RR:C19 Evidence Scale rating by reviewer:
Reliable. The main study claims are generally justified by its methods and data. The results and conclusions are likely to be similar to the hypothetical ideal study. There are some minor caveats or limitations, but they would/do not change the major claims of the study. The study provides sufficient strength of evidence on its own that its main claims should be considered actionable, with some room for future revision.

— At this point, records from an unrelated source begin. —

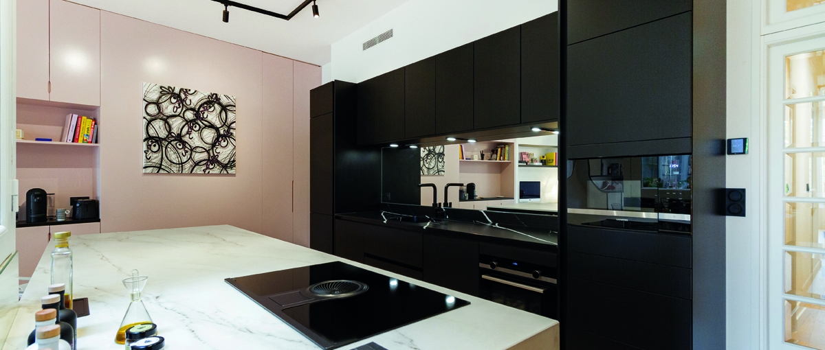 Les couleurs se répondent dans tout l’appartement : les nuances de vert choisies pour la chambre font écho au jardin classé qui sert de point de fuite à la pièce à vivre, le rose de la cuisine et de la salle d’eau reprend celui du mur de briquettes, etc. Dans la pièce à vivre de 70 m2, Hugo Soual a aussi joué avec les volumes et l’invisible, notamment grâce à de spectaculaires étagères sur mesure, bordées de noir, qui trompent notre vision.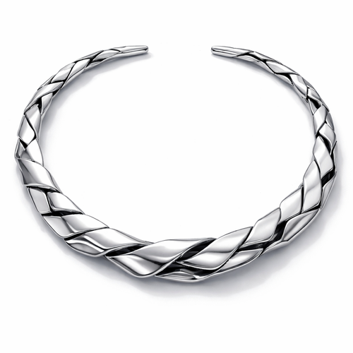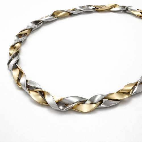 A flexible necklace that has links and articulations that inspired by a twisted flat wire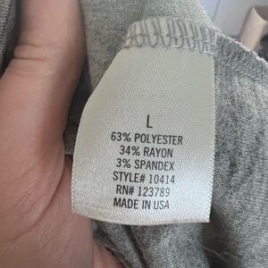 Good pre-loved condition. Minimal amount of pilling throughout (see last picture). Made in the USA! Polyester, rayon, and spandex blend. Size large. Make me an offer!

The paper by Pellegrini et al. investigates SARS-CoV-2 tropism in brain in organoid systems. The authors have provided convincing evidence that choroid-plexus epithelial cells exhibit a significant degree of susceptibility to SARS-CoV-2 infection, whereas neurons and glia cells appear to be highly refractory of SARS-CoV-2. The authors identified an apoliprotein and ACE2 expressing subset of epithelial barrier cells within the choroid plexus as the main target of SARS-CoV-2. The authors have also provided evidence that SARS-CoV-2 can infect the choroid plexus epithelium from the basal side and that infection was associate with altered cell-cell junctions suggesting that SARS-CoV-2 infection can lead to a breakdown of the blood-CSF-barrier.

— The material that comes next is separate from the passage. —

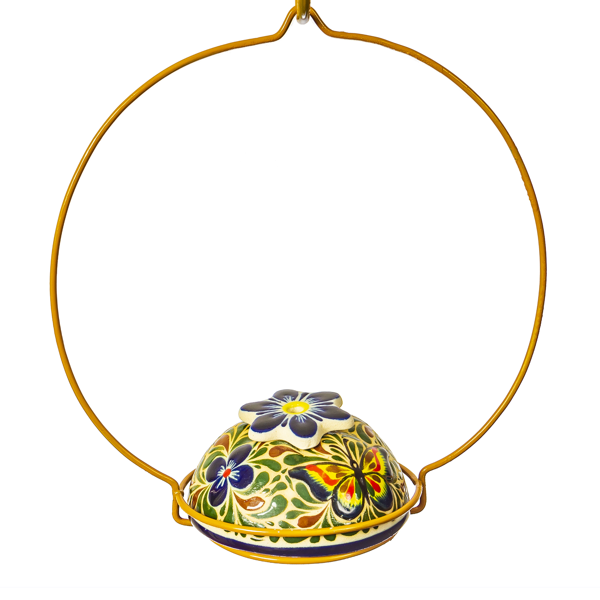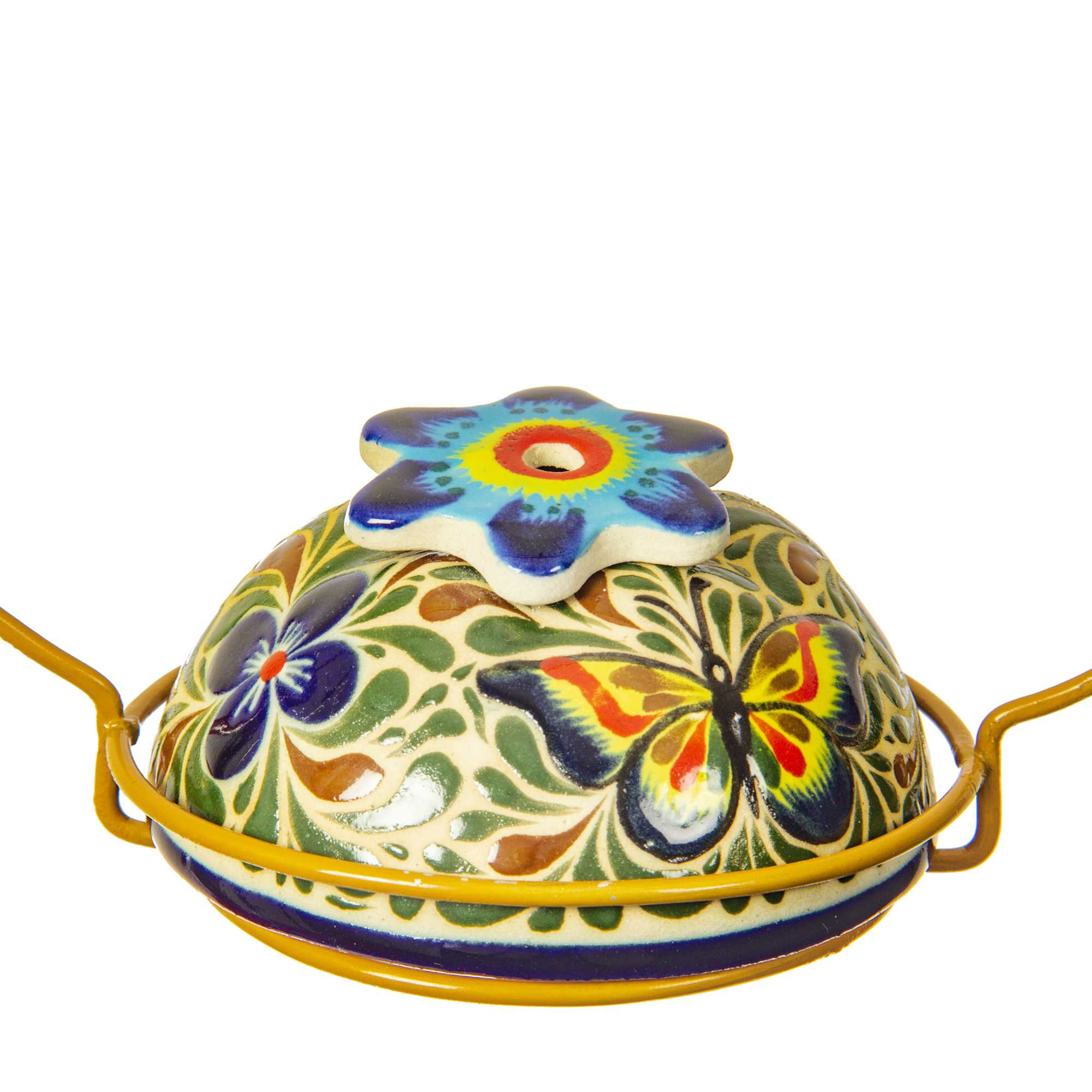 Bebedero para Colibrís, elaborado en cerámica de alta temperatura, pintado a mano Técnica en relieve en colaboración con artista del taller de Pájaros en Guanajuato;  capacidad 3 Oz,

The paper is well-written, and the experimental section has been well executed. The results have been clearly presented and nicely illustrated and support the central message of the paper, namely that a subpopulation of choroid plexus epithelial cells, rather than neurons or glia, is a main target of SARS-CoV-2 under the experimental conditions of the study.
As with other studies using brain organoid systems to study the effect of infectious agent on the brain, there is the general limitation of whether organoids accurate reflect the environment of infections, like SARS-CoV-2, resulting in neurological symptoms observed in adults. Nevertheless, regardless of this limitation, this study is interesting and can provide insights into cell type specific susceptibility to infection.

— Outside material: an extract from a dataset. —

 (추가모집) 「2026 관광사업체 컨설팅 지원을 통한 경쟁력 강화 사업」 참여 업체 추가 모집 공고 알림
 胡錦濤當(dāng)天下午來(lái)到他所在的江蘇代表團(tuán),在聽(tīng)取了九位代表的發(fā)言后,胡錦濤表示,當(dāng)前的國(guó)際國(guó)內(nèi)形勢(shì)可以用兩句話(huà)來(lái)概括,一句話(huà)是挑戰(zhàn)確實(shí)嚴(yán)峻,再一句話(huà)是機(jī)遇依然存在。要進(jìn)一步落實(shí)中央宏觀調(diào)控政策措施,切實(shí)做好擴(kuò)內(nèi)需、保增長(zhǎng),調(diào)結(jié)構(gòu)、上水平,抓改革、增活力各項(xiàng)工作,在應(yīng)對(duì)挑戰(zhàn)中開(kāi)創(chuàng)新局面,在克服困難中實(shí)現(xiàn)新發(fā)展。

The authors have convincingly shown that SARS-CoV-2 infection causes alterations in cell-cell junctions contributing to the blood-CSF-barrier. This finding would be strengthened by the incorporation of RNAseq studies to examine whether the observed physical injury to the blood-CSF-barrier is associate with changes in gene expression that have been linked to neurological symptoms. The observation by the authors of an apoliprotein and ACE2 expressing subset of choroid plexus cells as the main target of SARS-CoV-2 would be further enhanced by confirming that blocking of the ACE2 receptor prevents SARS-CoV-2 infection of these cells.
Based on their finding of abundant infection from the basal side of the choroid plexus epithelium, the authors suggest that the vascular compartment of the choroid plexus could be the SARS-CoV-2 entry point to the central nervous system. Although this a plausible scenario, there is very limited evidence of viremia in COVID-19 patients. The discussion section could incorporate comments and comparison with other known neurotropic viruses that target the choroid plexus.